SSA, family and friends


#1

I don’t know where to put this thread, and I don’t quite know if this the right spot. But I am converting to the church. I’m currently in RCIA, and I love the Catholic Church. I love and support all of her teachings because I believe that the teachings are from God. I also suffer with Same Sex Attraction. I’m familiar with Courage, and I have no issue with the Church’s teaching, but my family and friends aren’t exactly on the same page.

For about 10 years I embraced my homosexuality, and my family was very accepting and I made friends and I lived my life. Then about 3 years ago I realized what I had known for a long time, and that is that my life was empty. Anyway, the readers digest version is that I moved out of the country and away from family and friends. And God stepped in and called me to the Church.

Okay well now I’m back in the States, and I’m attending mass–and loving it–and I’m in RCIA–and it’s okay–but my main thing is that I haven’t really been in touch with my friends. They know I’m converting to Catholicism and I haven’t heard from most of them, but I haven’t been forthcoming either. I don’t know how much contact I should have with them. I’ve been thinking just sending out a general email that explains all of my beliefs, but for all my friends most of them are gay or gay friendly…anyway I don’t know what I should do, or how I should handle this situation.


#2

Welcome to the Church!

I’m afraid I don’t know what you should do about your old friends. My thought is that you may know deep down which friends were “friends no matter what” and which friends were only friends as long as you were culturally similar. Maybe not, though, because sometimes people surprise us. Anyway, if you send out a general e-mail, you may want to make sure that it is as non-confrontational as possible. Just something along the lines of what you said here, “…I love the Catholic Church. I love and support all of her teachings because I believe that the teachings are from God.” Then maybe (if it is true) something like, “I would be happy to continue being friends with anyone who can accept me as I am now without trying to change me,” or something… that sounds a little pompous, maybe you can come up with something better. :slight_smile:

I would advise against getting into a multi-sided debate on the issue this early in your journey. So if you send out a group e-mail, I would put the addresses in as BCC to prevent a reply-all-free-for-all.

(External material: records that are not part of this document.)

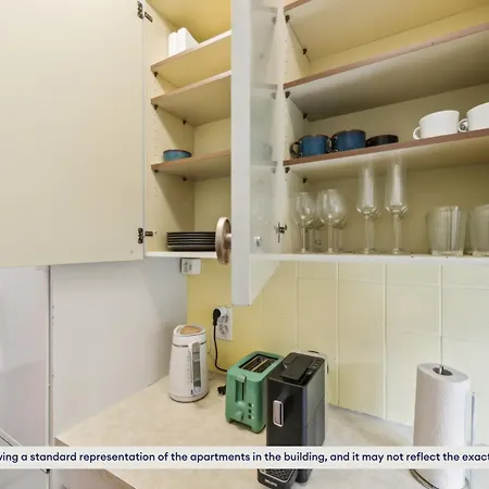 The apartment is equipped with self-catering facilities, including a kitchen with an electric kettle, coffee and tea making machines, and a kitchenware.
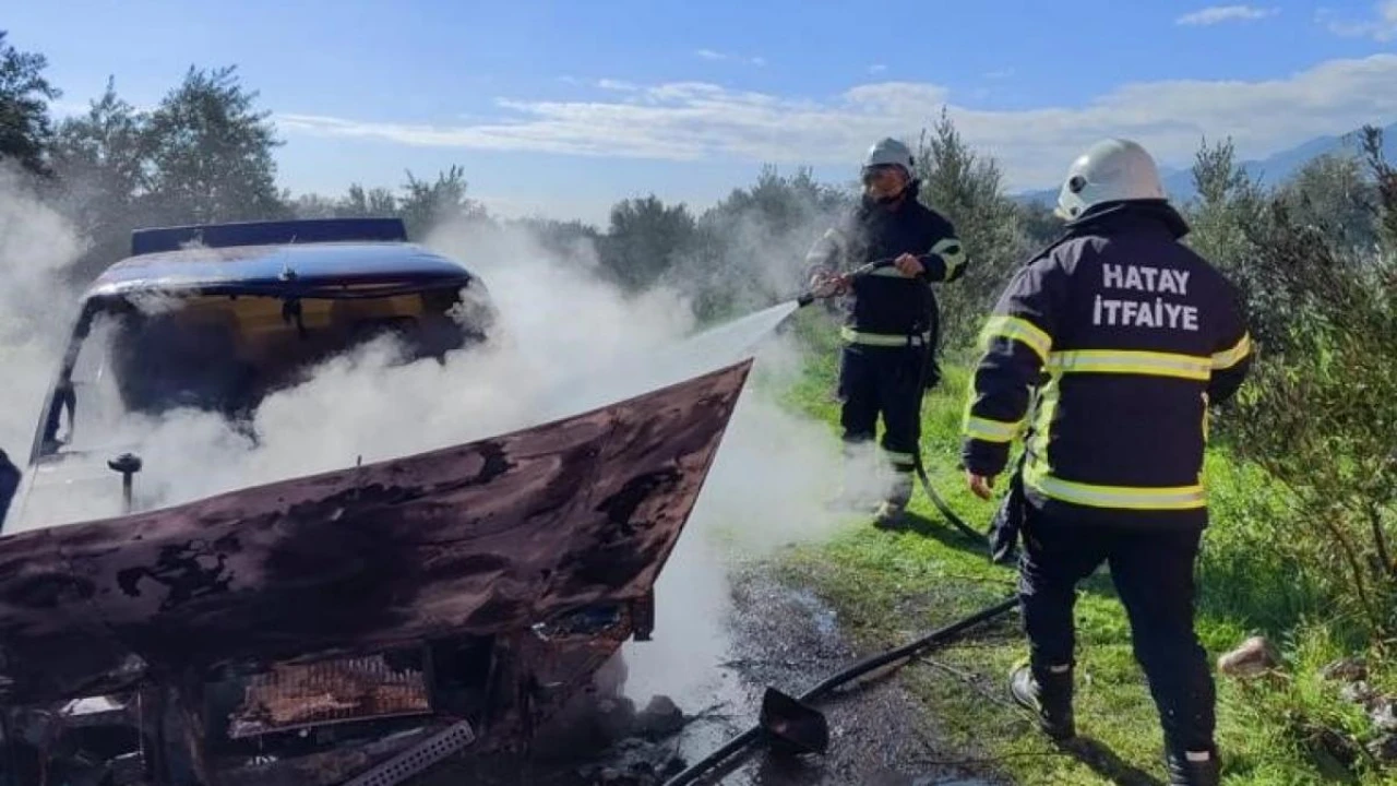 Hatay'da otomobilde yangın çıktı
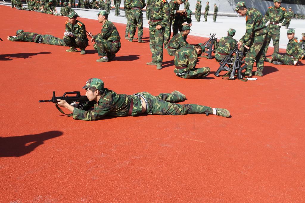 烈日下,操场中,方阵间,青春风采完美展现。站军姿,练转身,走正步,整队形,练打靶,钢铁纪律牢记心头。军训不仅给新生留下了晒得黝黑的皮肤,而且也使他们少了几分娇气,多了一些坚强;少了一份依赖,多了一份自立;少了一份怨天尤人,多了一份勇往直前;少了几分我行我素,多了一些团结合作。军训场上,巾帼须眉,尽显英姿,风华正茂,气势如虹,阳光下绽放着最美丽的光彩!
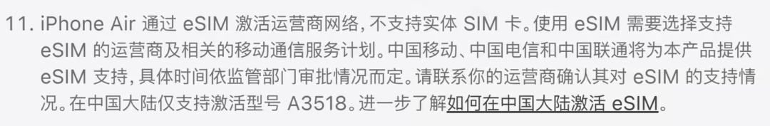 苹果官网现已显示,iPhone Air 通过 eSIM 激活运营商网络,不支持实体 SIM 卡。使用 eSIM 需要选择支持 eSIM 的运营商及相关的移动通信服务计划。中国移动、中国电信和中国联通将为本产品提供 eSIM 支持,具体时间依监管部门审批情况而定。请联系运营商确认其对 eSIM 的支持情况。
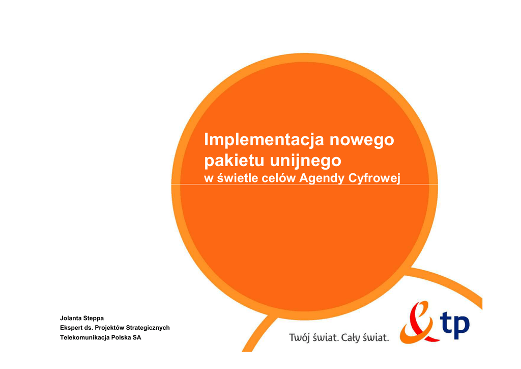 Implementacja nowego pakietu unijnego w świetle celów Agendy Cyfrowej Jolanta Steppa Ekspert ds. Projektów Strategicznych Telekomunikacja Polska SA Agenda Cyfrowa w obszarze szybkiego i bardzo szybkiego dostępu do Internetu – działania o charakterze legislacyjnym • Dynamiczny jednolity rynek cyfrowy • Interoperacyjność i normy • Zaufanie i bezpieczeństwo • Szybki i bardzo szybki dostęp do Internetu • Wzmocnienie umiejętności wykorzystywania technologii cyfrowych i włączenia społecznego Korzyści z TIK dla społeczeństwa UE • Zaproponowanie decyzji Parlamentu Europejskiego i Rady w sprawie programu europejskiej polityki w zakresie widma radiowego Wydanie zalecenia w celu zachęcania do inwestycji w konkurencyjne sieci nowej generacji Działania legislacyjne dla Państw Członkowskich: – – – 2 Ułatwienie inwestycji w Internet szerokopasmowy Wdrożenie polityki w zakresie widma radiowego Wdrożenie zalecenia KE zachęcającego do inwestycji w NGA Podstawowy szerokopasmowy dostęp do Internetu dla 100% wszystkich obywateli UE do 2013 r.: Dostęp do Internetu o przepustowości 30 Mb/s dla 100 % obywateli UE do 2020 r.: Dostęp do bardzo szybkich sieci szerokopasmowych do 2020 r.; 50 % europejskich gospodarstw domowych powinno mieć abonament na dostęp do Internetu o przepustowości powyżej 100 Mb/s. Działanie Nr 8 Agendy Cyfrowej – decyzja w sprawie europejskiej polityki w zakresie widma radiowego Status prac Zaproponowanie decyzji Parlamentu Europejskiego i Rady w sprawie programu europejskiej polityki w zakresie widma w celu zwiększenia skuteczności zarządzania widmem radiowym Drugie czytanie RSPP w Parlamencie Europejskim – 1Q 2012 Główne założenia wynikające z Agendy Cyfrowej: promocja efektywnego zarządzania widmem, zapewnienie dodatkowej elastyczności (również dzięki umożliwieniu handlu częstotliwościami) wspieranie konkurencyjności i innowacyjności Dyrektywy 2009 Zapewnienie efektywności wykorzystywania widma Obiektywne, przejrzyste, niedyskryminujace i proporcjonalne zasady przyznawania widma Neutralność technologii i usług wykorzystywanych w poszczególnych pasmach Wprowadzenie mechanizmu przekazania praw do zarządzania częstotliwościami Uprawnienie dla państw członkowskich do określenia zasad zapobiegających przetrzymywaniu widma Nowelizacja Pt. Ustawowe ograniczenie czasu rezerwacji częstotliwości (15 lat). Arbitralne ustawowe stwierdzenie, że 15 lat jest wystarczające dla spełnienia wszystkich przesłanek (charakter usług, inwestycje, kierunki rozwoju) Jednorazowa dodatkowa opłata za przedłużenie rezerwacji częstotliwości – – 3 Fiskalny charakter propozycji Mniejsze możliwości rozwoju rynku Działanie Nr 8 Agendy Cyfrowej – wydanie zalecenia zachęcającego do inwestycji w sieci nowej generacji. Wydanie zalecenia w celu zachęcania do inwestycji w konkurencyjne sieci nowej generacji 4 Główne założenia Zalecenia wynikające z Agendy Cyfrowej: przy ustalaniu cen dostępu uzależnionych od kosztów należy odpowiednio uwzględnić ryzyko inwestycyjne krajowe organy regulacyjne powinny mieć możliwość stosowania w każdym przypadku najbardziej odpowiednich środków zaradczych w zakresie dostępu, co zezwoli na rozsądne tempo inwestycji alternatywnych operatorów, uwzględniając jednocześnie poziom konkurencji na danym obszarze należy promować mechanizmy wspólnych inwestycji i podziału ryzyka Działanie Nr 8 Agendy Cyfrowej – wdroŜenie zalecenia zachęcającego do inwestycji w sieci nowej generacji. Zalecenie NGA: przy ustalaniu cen dostępu uzależnionych od kosztów należy odpowiednio uwzględnić ryzyko inwestycyjne Risk Premium – podstawowa zachęta inwestycyjna dla operatora SMP Dyrektywy: Art. 8 ust. 5 lit d DR – zagwarantowanie, że każdy przypadek udzielenia dostępu uwzględnia ryzyko inwestycyjne Art. 13 DD – w celu zachęt inwestycyjnych, w tym inwestycji w NGA, „NRA biorą pod uwagę dokonane przez operatora inwestycje oraz umożliwiają uzyskanie zwrotu stosownej części zainwestowanego kapitału, uwzględniając wszelkie ryzyko typowe dla przedsięwzięcia” krajowe organy regulacyjne powinny mieć możliwość stosowania w każdym przypadku najbardziej odpowiednich środków zaradczych w zakresie dostępu Nowelizacja Prawa telekomunikacyjnego: należy promować mechanizmy wspólnych inwestycji i podziału ryzyka 5 Dodanie do art. 39 ust. 6 w brzmieniu „W przypadku nowego przedsięwzięcia inwestycyjnego Prezes UKE, ustalając opłaty z tytułu dostępu, bierze również pod uwagę możliwość zaistnienia ryzyka związanego z przedsięwzięciem inwestycyjnym, typowego dla nowych sieci dostępu wspierających produkty, na które popyt jest niepewny”. Działanie Nr 8 Agendy Cyfrowej – wdroŜenie zalecenia zachęcającego do inwestycji w sieci nowej generacji. Ryzyko inwestycyjne w nowelizacji Pt przy ustalaniu cen dostępu uzależnionych od kosztów należy odpowiednio uwzględnić ryzyko inwestycyjne krajowe organy regulacyjne powinny mieć możliwość stosowania w każdym przypadku najbardziej odpowiednich środków zaradczych w zakresie dostępu należy promować mechanizmy wspólnych inwestycji i podziału ryzyka Art. 39 Pt - nowelizacja nie zawiera gwarancji zwrotu zaangażowanego kapitału uwzględniającego wszelkie ryzyko inwestycyjne Brak rozwiązań dla ryzyka inwestycyjnego w art. 40 Pt (koszty ponoszone); obowiązki kosztowe TP na wszystkich rynkach hurtowych wynikają z art. 40 Pt Regulator weryfikując stawki oparte o koszty ponoszone bierze pod uwagę: – – Brak Risk premium jako przesłanki weryfikacji kosztów przez Regulatora Zmiany w Pt zapowiedziane po konsultacjach społecznych – – 6 promocję efektywności i zrównoważonej konkurencji zapewnienie maksymalnych korzyści dla użytkowników końcowych. Zapewnienie zwrotu zainwestowanego kapitału – dla art. 39 i 40 Pt Pominięcie uwzględnienia ryzyka inwestycyjnego Dz

Anyway, I really just wanted to reply to say that I will pray for you to find the best thing to do, whatever God knows it to be.

God bless!

–Jen


#3

I tend to dislike group emails, because everyone does need to hear things in kind of a different way. Perhaps a very short mass email saying, “I’m Catholic now, I no longer live the gay lifestyle, but I hope you will still consider me a friend,” and the longer explanations in individual letters.

By the way, congratulations on finding the Church!


#4

I don't really have any advice, but just wanted to welcome you to the Church! :D


#5

Welcome Home, Sutpen! :extrahappy:

I was “born and bred” Catholic, but that didn’t stop me from leaving the Church for about 14 years and living out my own SSA. Through God’s grace, and my ticking biological clock, I also saw that my life was empty. Reader’s Digest version: I returned to the Church, and after some twenty years of dealing with SSA, I now have absolutely no attraction of that sort left at all. Wish I could bottle that and share with others who are still struggling, but it really was a twenty year journey (and most of it really awful).

I also had moved away for about three years from all my friends. When I returned to the Church and returned to my old stomping ground, I “came out” about my conversion (“reversion”) to my former friends slowly, but only as I had contact with them. For the most part, I have had very little contact with my old friends because I haven’t sought them out. In the meantime, I have built and sustained some wonderful friends in my parish. I joined the choir (as the accompanist) and got involved in several parish activities that helped establish more relationships and support me in my walk with Christ.

A few old friends have returned, and there was, in fact, some discomfort on their part with my conversion. But being good liberals, they had to accept my new life direction or prove themselves total hypocrites :smiley: And in the end, a couple old friendships remain. The others receive my prayers constantly, but that’s it. I’m glad of it, actually, as I have no desire to return to that world of liberal beliefs and practices. My prayers are all I have to offer, unless Our Lord chooses to send me back there for His purposes.

I am TOTALLY praying for you – daily, sometimes even moment-to-moment – as someone who’s been there and understands.

God bless you, dear one!

Gertie


#6

Thanks everyone for your advice and prayers. I've been thinking about this a lot recently because I feel myself being drawn closer and closer to the Church. I feel very cautious about engaging to deeply with my former life. I loved my friends at the time, and I still do, but I know the life that they are leading and what being their friend entails--namely a tolerance to recreational drug use and a general bleak outlook of life that encourages objectifying men and women to their sexual worth.

I'm generalizing because not all of my old friends fall into that category, but most of them are hyper-liberal. I think what I'll do is just send out a general email, explaining my conversion, but not really engaging in any real debate...or not meaning to, but we shall see where God leads me.